DMCA is a sham. The Sony Supreme Court ruling allowed the making of vhs copies of films. The studios still tried to stop copying but didn’t succeed. The Studios tried to get laws through Congress years later to prevent copying, but silicon valley’s lobbyists stopped it in its tracks.

DMCA is just a big scare. The studios employ outsource people to attempt to shake down those who the studios can INTIMIDATE into paying them a fee for making a copy from a torrent. The warnings on DVD menus are crap. They sometimes mis-state the truth of the law, sometimes state it truthfully, but in either case, they are not actionable crimes, they are merely civil matters. Outsourcers can try to shake down torrent users if they can find out who they are, but there’s no legal machinery behind them. The cases don’t got to court.

Most Internet companies comply in part with the DMCA notices, but withhold the shakedown language from the emails because they righteously refuse to take part in a shakedown. At bottom, most of the big internet operations support their customers in these matters, and only comply with DMCA by sending the edited notice. A few of the smaller companies include the complete DMCA and shakedown. But most don’t. I’ve heard of no one being taken to court, but it is possible. Because of the Sony rule which the studios have never contested because they’re afraid they’d lose again, that is where the matter stands.

Why haven’t journalists learned why Antigua shut Slysoft down?

DatKat (user link) says:

I'd like to weigh in.

I have an optical drive that allows me to play the copy protected media/discs. I also have software that allows me to view what the optical drive is playing. With this being said, do I now have the right to record my own desktop or take screenshots of my own desktop? How far can legalese go in terms of this example. I am clearly not breaking any copy protection, nor am I using any software that does so. Can "they" actually argue and or tell me that I cannot record video of my own personal computers desktop just because I just so happen to be watching a movie? I just think that, this is valid. It scares me to think about such things, but we must!!!

DatKat (user link) says:

I'd like to weigh in.

I suppose these days it doesn’t matter as much as it once did. CDs are almost extinct and soon, I believe DVDs and the like will also be gone. Companies pay for using the digital data and we pay only to view/listen and never will we own it. I figure that this is the solution to their issues. This upsets me because I really enjoy ripping CDs and other media. Mainly for the fact that I prefer different qualities some of which I cannot find from certain companies. Also, can you purchase an MP4/H.264/AAC movie to play on your mboile devices as quickly as you could purchase a regualr DVD or Blue Ray movie? Or how about purchasing nice CDs in flac? not as easy as buying that regular CD and ripping it to flac OR mp3 yourself? finally, I notice that when I rip my CDs to mp3, the quality of my rips are better than what i hear coming from itunes. That’s just sad 😀

Archie Fatcacky says:

RedFox Have Control Issues

I questioned the links between Slysoft and RedFox on the RedFox forum and suggested that a better policy would be to be more honest about them, I have subsequently had my IP address blocked so I can now no longer access the forum (actually they blocked the IP address at my local coffee shop but that’s by the by).
If you wish to enter into a financial relationship with a company who have such a dictatorial approach to the people who pay their salaries then that’s down to you but these people now have my personal details and have (theoretically) blocked me from contacting them. Just remember the same thing could happen to you if you sign up and have a problem.

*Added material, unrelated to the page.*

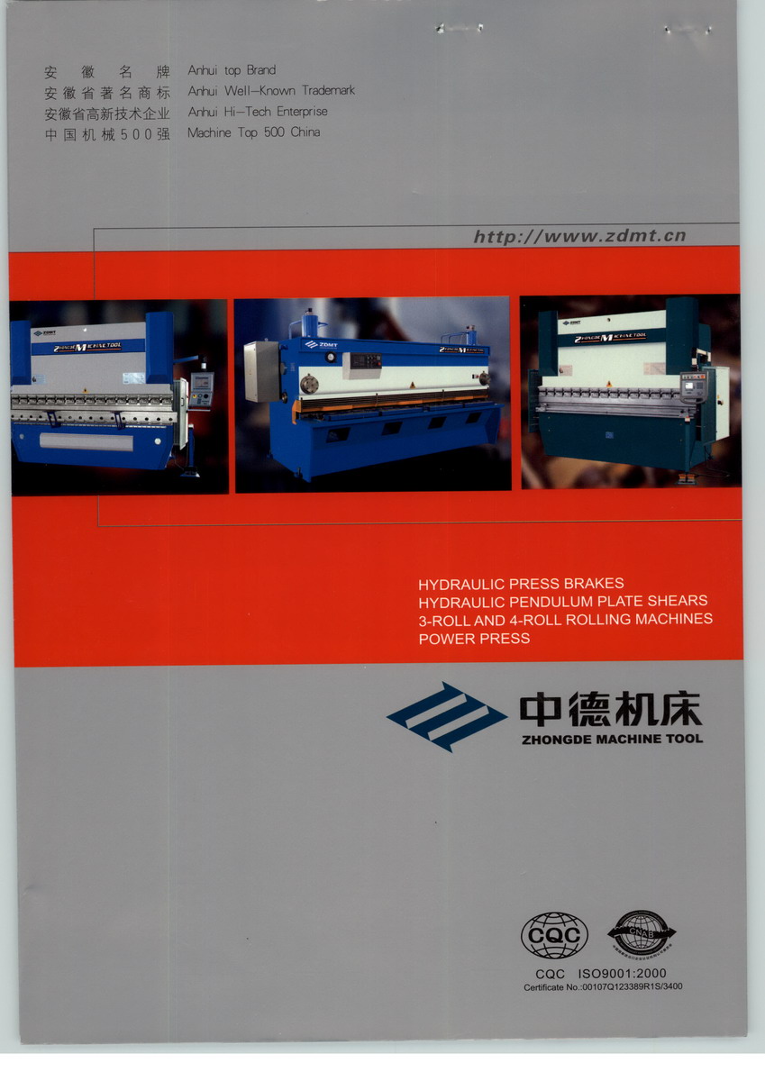 安徽中德機(jī)床股份有限公司于2002年12月26日經(jīng)安徽省人民政府批準(zhǔn)設(shè)立(批準(zhǔn)文號(hào):皖政股[2002]第44號(hào)),公司注冊(cè)資本人民幣2200萬元。公司前身為馬鞍山市中德機(jī)床廠,系生產(chǎn)各類普通及數(shù)控折彎?rùn)C(jī)、剪板機(jī)、壓力機(jī)、三、四輥卷板機(jī)、聯(lián)合沖剪機(jī)、切角機(jī)、刃模具配件的現(xiàn)代化管理企業(yè)。公司地址位于安徽省馬鞍山市博望區(qū),其中各類機(jī)械工程師占員工人數(shù)的30%以上,服務(wù)于公司研發(fā)、生產(chǎn)、售后各條線上,公司在全國(guó)各大中城市分布銷售網(wǎng)點(diǎn)達(dá)二十余個(gè)。目前產(chǎn)品更是銷往世界六十多個(gè)國(guó)家和地區(qū),并與十多個(gè)國(guó)家和地區(qū)的專業(yè)機(jī)床經(jīng)銷商形成固定的合作代理關(guān)系。

There is a debate about whether they have exploited people financially with regard to having to re-purchase the software. They claim not as ‘there is no connection with Slysoft’ (see below). Think about this – if it wasn’t to do with finances then they could have just carried on with the exact same model, with the exact same customers, with the exact same licences as with Slysoft and they would have continued with the exact same revenue stream. The fact that they have torn up the old Slysoft lifetime licence agreement to ask those customers to pay again is proof that it is financial. They needed the money to continue despite there being virtually no set up costs to continue trading. Did they do this deliberately? They won’t tell you so make up your own mind based on the evidence.

Redfox claim there is ABSOLUTELY NO connection between them and Slysoft. There are two moderators on their forum – RedFox1 and Ch3vr0n who will point this out to you if you try to claim differently – try it, you’ll get a response within a minute and the thread will be closed. The thread that I originally added to was ‘tidied up’ and closed and then I got a PM from RedFox1 warning me about what I was writing and he then put an automatic follow on any future posts I made. These people have serious control issues.
I pointed out that the logo is the same with the addition of a Zorro mask, THEY have stated that The RedFox team consists of former SlySoft developers and staff members, the website was identical (just find and replace Slysoft with RedFox), the program is the same just re-badged, they still run the old Slysoft OPD database, old Slysoft software still points to upgrading to RedFox software – the list is endless but they state that because it is a different CEO and Slysoft was a company but RedFox is a ‘closed project’ then there is NO connection. They will not concede any connection and this is my beef and what is really riling a lot of people. It’s as though if they do they will have to honour Slysoft’s lifetime licence or something. This is the attitude of the people you will be dealing with if you give them your money.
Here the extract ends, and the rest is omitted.